Question about the limit $\displaystyle\lim_{n\rightarrow \infty}\sqrt[n]{3^n+ 2^n}$

Solution 1:

Notice that $$(3^n+2^n)^{1/n}=\left(5^n\cdot\frac{3^n+2^n}{5^n}\right)^{1/n}=5\cdot\left[\left(\frac35\right)^n+\left(\frac25\right)^n\right]^{1/n}.$$ Thus, when you concluded that the second limit is $0,$ you virtually assumed that $$\lim_{n\to\infty}\left[\left(\frac35\right)^n+\left(\frac25\right)^n\right]^{1/n}=0,$$ which is false. Your assumption is that since $$\lim_{n\to\infty}\left(\frac35\right)^n+\left(\frac25\right)^n=0,$$ that the former limit must also be $0.$ However, this is not the case: in the cases where the exponent has limit $0,$ it is not sufficient for the base to have limit $0$ in order for the entire power to have limit $0.$ The exponent is $1/n,$ and notice that $$\lim_{n\to\infty}\frac1{n}=0.$$ As such, your second calculation is simply incorrect.
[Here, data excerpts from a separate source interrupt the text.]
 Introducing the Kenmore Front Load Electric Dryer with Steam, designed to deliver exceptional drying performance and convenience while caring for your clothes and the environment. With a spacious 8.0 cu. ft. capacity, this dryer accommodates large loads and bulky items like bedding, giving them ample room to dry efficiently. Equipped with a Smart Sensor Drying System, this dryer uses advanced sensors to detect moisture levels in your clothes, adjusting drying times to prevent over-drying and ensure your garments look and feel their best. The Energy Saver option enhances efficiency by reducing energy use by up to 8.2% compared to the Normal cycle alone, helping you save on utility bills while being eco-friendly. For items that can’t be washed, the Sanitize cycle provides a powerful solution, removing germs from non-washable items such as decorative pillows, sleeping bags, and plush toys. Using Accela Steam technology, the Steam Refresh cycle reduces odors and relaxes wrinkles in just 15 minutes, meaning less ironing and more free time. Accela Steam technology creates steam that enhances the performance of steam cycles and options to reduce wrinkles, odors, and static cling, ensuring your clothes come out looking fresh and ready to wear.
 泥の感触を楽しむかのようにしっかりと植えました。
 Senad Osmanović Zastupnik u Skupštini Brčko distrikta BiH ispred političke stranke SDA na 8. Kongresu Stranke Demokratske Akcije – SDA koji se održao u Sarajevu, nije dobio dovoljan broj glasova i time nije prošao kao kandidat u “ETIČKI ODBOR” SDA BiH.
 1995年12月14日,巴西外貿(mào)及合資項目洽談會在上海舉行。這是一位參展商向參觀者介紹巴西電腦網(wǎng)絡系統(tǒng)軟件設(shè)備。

In general, if $$\lim_{n\to\infty}a_n=0$$ and $$\lim_{n\to\infty}b_n=0,$$ then $$\lim_{n\to\infty}{b_n}^{a_n}$$ can be equal to any nonnegative real number, or it can even not exist. You cannot simply conclude it to be $0.$

Solution 2:

A separate approach:-

The expression just equals:-

$$\lim_{n\to\infty}3\left(1+(\frac{2}{3})^{n}\right)^{\frac{1}{n}}$$.
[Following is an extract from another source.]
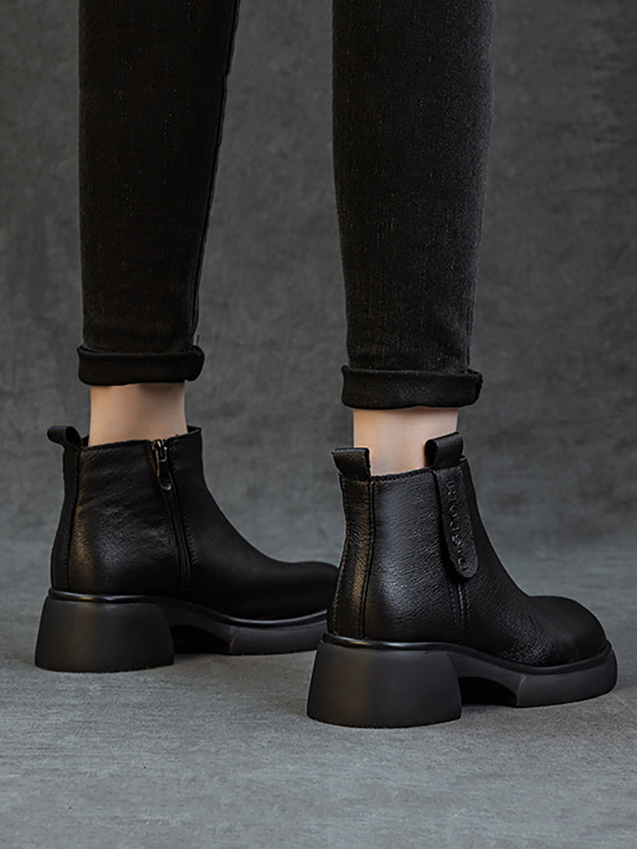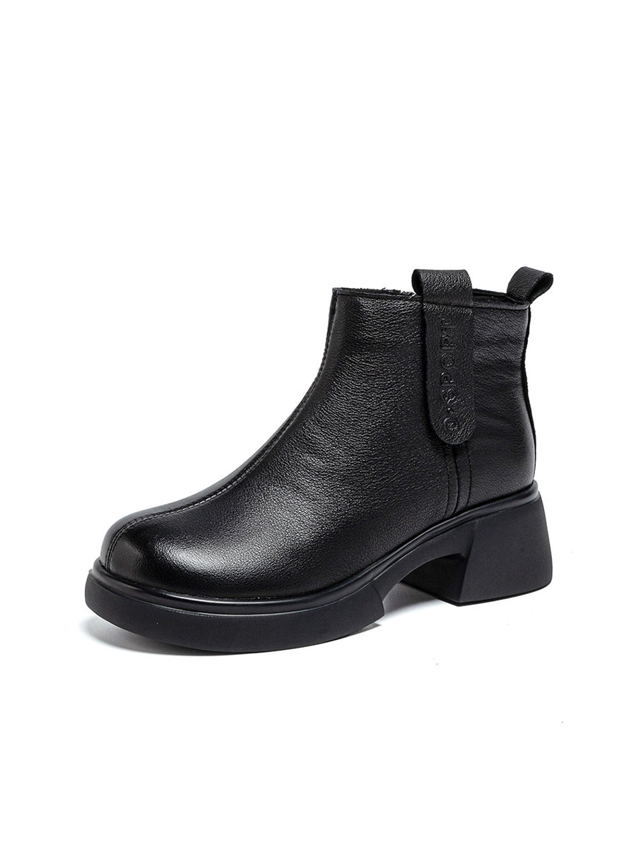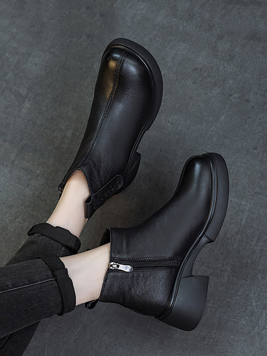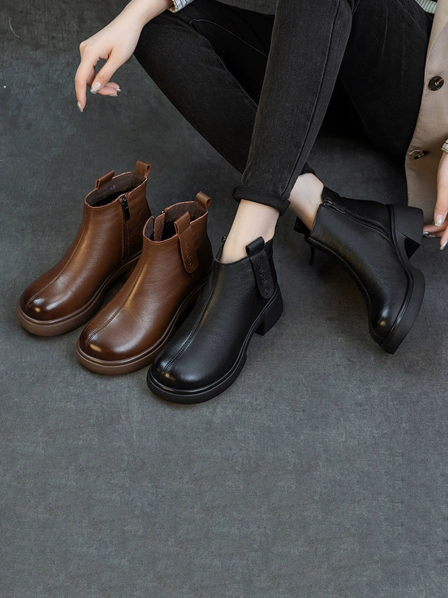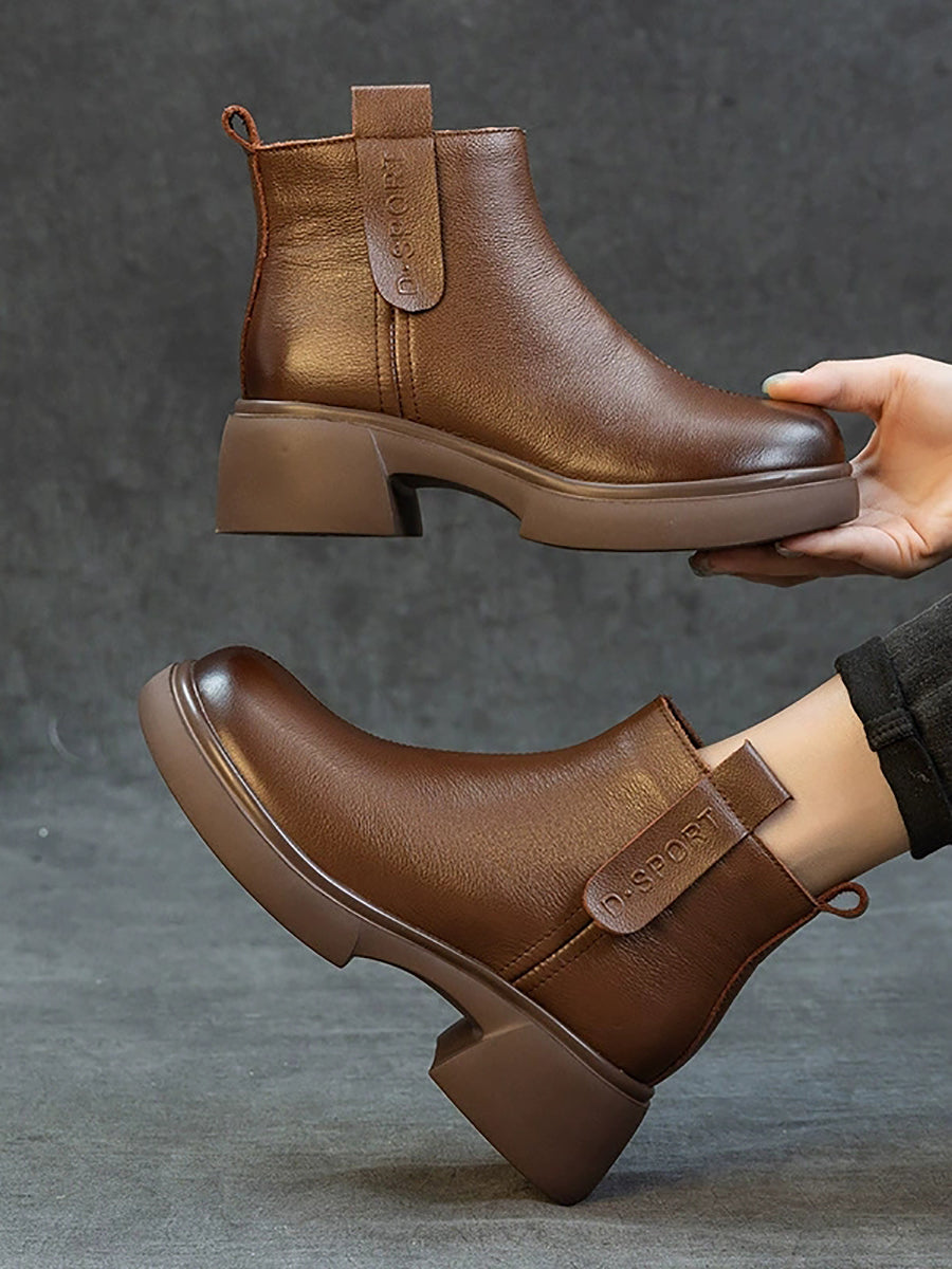 Dame vintage ankelstøvletter i ekte skinn med mellomhøy hæl
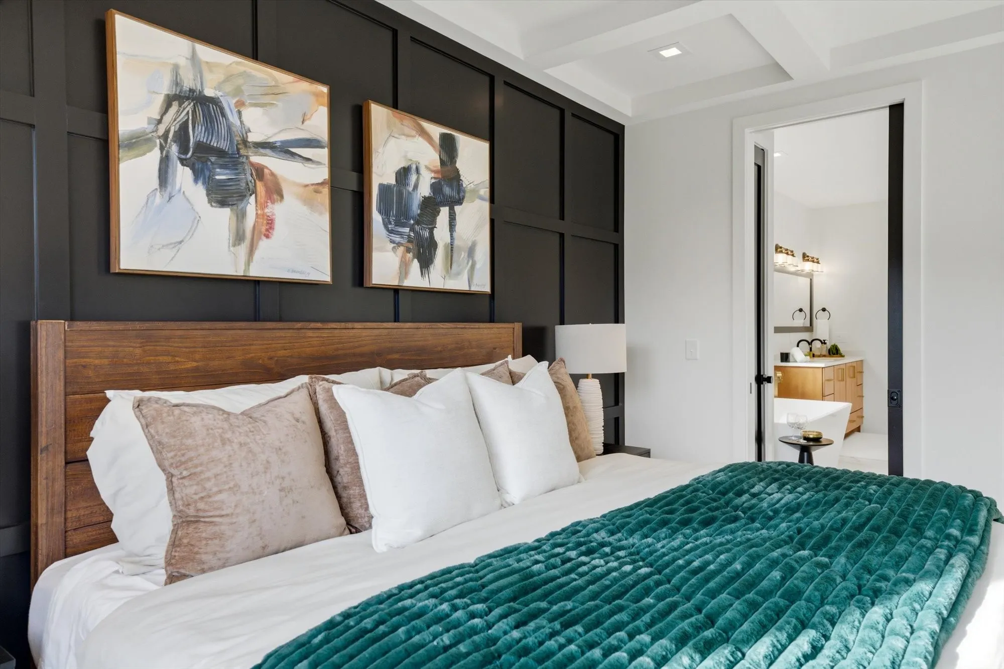 This 4-bedroom, 3.5-bath home features a dramatic 30-ft cathedral ceiling with exposed rustic beams, 9-ft ceilings throughout, solid hardwood flooring, marble and tile accents, quartz countertops, and custom cabinetry.

Now this is $1^{\infty}$ form.

You can use this whenever you run into this $1^{\infty}$ form

$$\lim_{x\to a}f(x)^{g(x)} = \exp(\lim_{x\to a} (f(x)-1)g(x))$$ when $\lim_{x\to a}f(x)^{g(x)}$ is $1^{\infty}$ form.

So using this we get it as :-

$$3\exp(\lim_{n\to\infty}\frac{(\frac{2}{3})^{n}}{n})=3\exp(0)=3$$.

In general whenever you have something like

$$\lim_{n\to\infty}\left(a_{1}^{n}+a_{2}^{n}+...+a_{m}^{n}\right)^{\frac{1}{n}}$$. where $a_{i}$'s are distinct positive real numbers.You can use the above method and immediately write the answer as :- $\displaystyle\max_{1\leq i\leq m}a_{i}$.

That is we are strongly using the fact that $a^{n}\to 0$ when $0<a<1$.